Curtin University of Technology ... Data association, information extraction from text, machine translation .... Group meeting 1 Bookmark cafe, Library, CBS.

#### Recommend Documents

x 6 = x 8 = x 10 = x 12 = x 6 = x 8 = x 10 = x 12
All of the above. 10b. The table below shows the total cost of potatoes, y, based on the number of pounds purchased, x. Number of. Pounds. Total Cost. 2. \$3.00. 4. \$6.00. 7. \$10.50. 10. \$15.00. Which of the following shows the correct keystrokes to e

x
(q0, x0) which we call the Aubinproperty and also through the lower semicontinuity of L around (q0 .... Our interest will center especially on the critical cone associated with (2) for ..... We start by recording a background fact about our underlyin

9 x 10 4 x 10 2 x 10 0 x 10 3 x 10 8 x 10 11 x 10 7 x 10 1 ...
Tens TIME: (2 minutes) (90 seconds) (75 seconds). 9 x 10. 4 x 10. 2 x 10. 0 x 10. 3 x 10. 8 x 10. 11 x 10. 7 x 10. 1 x 10. 10 x 10. 5 x 10. 12 x 10. 6 x 10. 3 x 10. 8.

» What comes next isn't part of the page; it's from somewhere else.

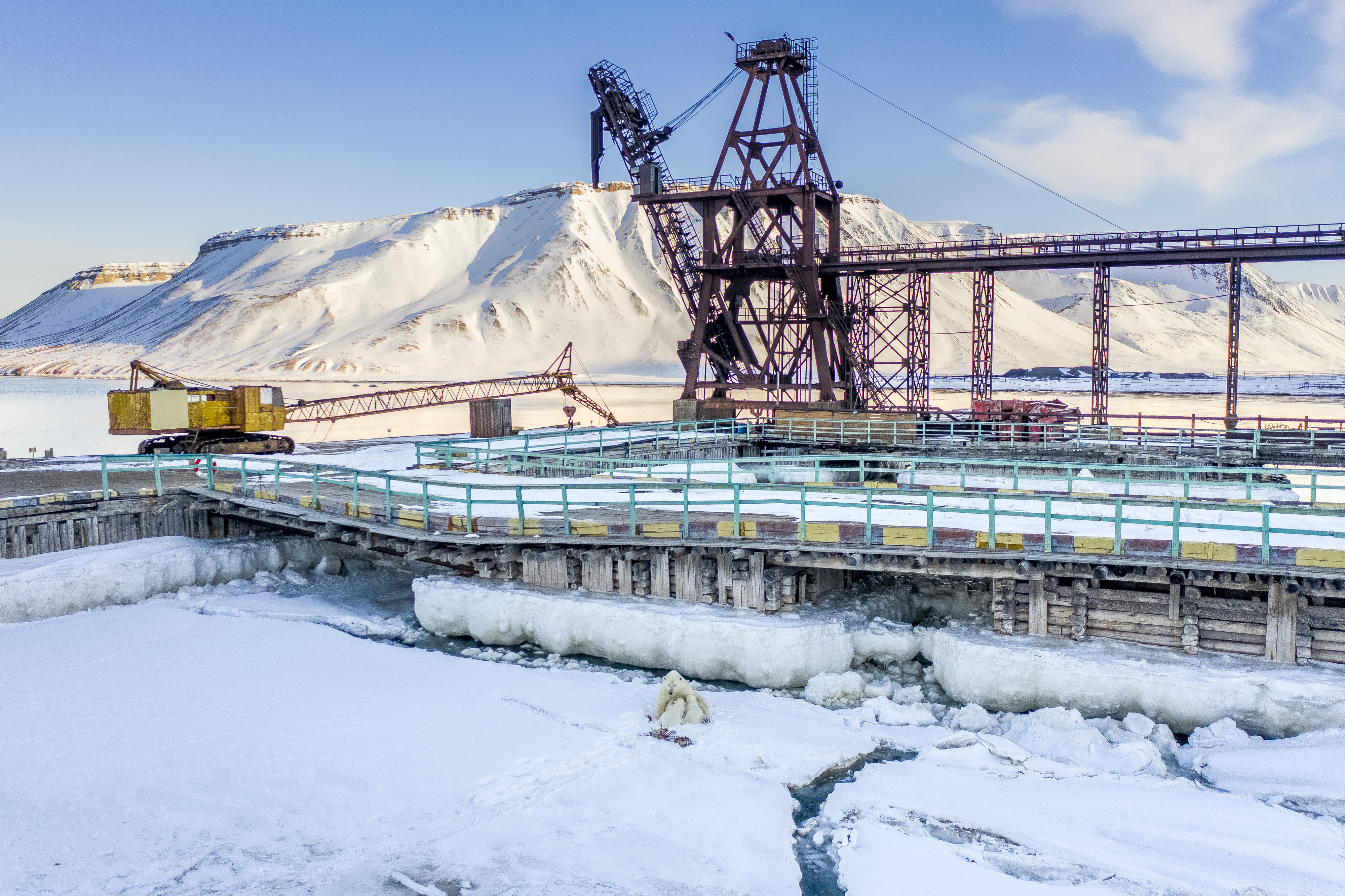 Breastfeeding in town A female polar bear breastfeeding her two cubs of the year in the harbour of the abandoned Russian settlement, Pyramiden. © Florian Ledoux/TNC Photo Contest

x = f(x; _x) + G(x)u - IEEE Xplore
Apr 2, 2010 - Composite Adaptation for Neural. Network-Based Controllers. Parag M. Patre, Shubhendu Bhasin, Zachary D. Wilcox, and. Warren E. Dixon.

720p 720p = 1280 x 720 1080p = 1920 x 1080 - TechSmith
For HD versions, make sure you are editing and producing in HD dimensions. YouTube will not artificially upscale videos with smaller dimensions. HD versions.

71.9 x 57.5 x 1.3 cm
76 1/2 x 81 x 4 3/4 in. (194.3 x 205.7 x 12.1 cm). Center panel: 53 3/4 x. 27 in. (136.5 x 68.6 cm). Side panels: 49 x 24 in. (124.5 x 61 cm). Madonna and Child.

58 :/X
accounting standards and techniques to meet the educational requirements of ... Accountancy, Business and Management (ABM) Cup 2017, on March 3, 2017.

engine-x
/etc/nginx/sites-enabled/default server{ listen 127.0.0.1:80; server_name basic; access_log /var/log/nginx/basic.access.log; error_log /var/log/nginx/basic.error.log; location / { root /var/www/basic; index index.html index.htm;. }.

720p 720p = 1280 x 720 1080p = 1920 x 1080 - TechSmith

return x + value - GitHub
movl %esi, (%rdi) retq. __ZN4Plus6plusmeEi: ... static code and data auto plus = Plus(1); ... without garbage collection using object = std::map;.

x
and resources. Objective 6 - Improve the Agency's information security posture. ... customer self-service application at this time. Base. Microsoft Office 2007. Upgrade ... To implement a web-site that provides the public ..... What is to be accompli

X-Station.pdf
There was a problem previewing this document. Retrying... Download. Connect more apps... Try one of the apps below to open or edit this item. X-Station.pdf.

X-Guide.pdf
You don't miss anything by skipping. those Episodes as they don't affect the central Theme (Mythology Arc) at. all! So nothing to worry! Skipping is fine!

X-Guide.pdf
Page 1 of 19. by Gurjit Singh. created March 2016. DON'T WORRY! THERE ARE NO SPOILERS IN THIS LONG DOCUMENT! I PROMISE! IT'S SAFE!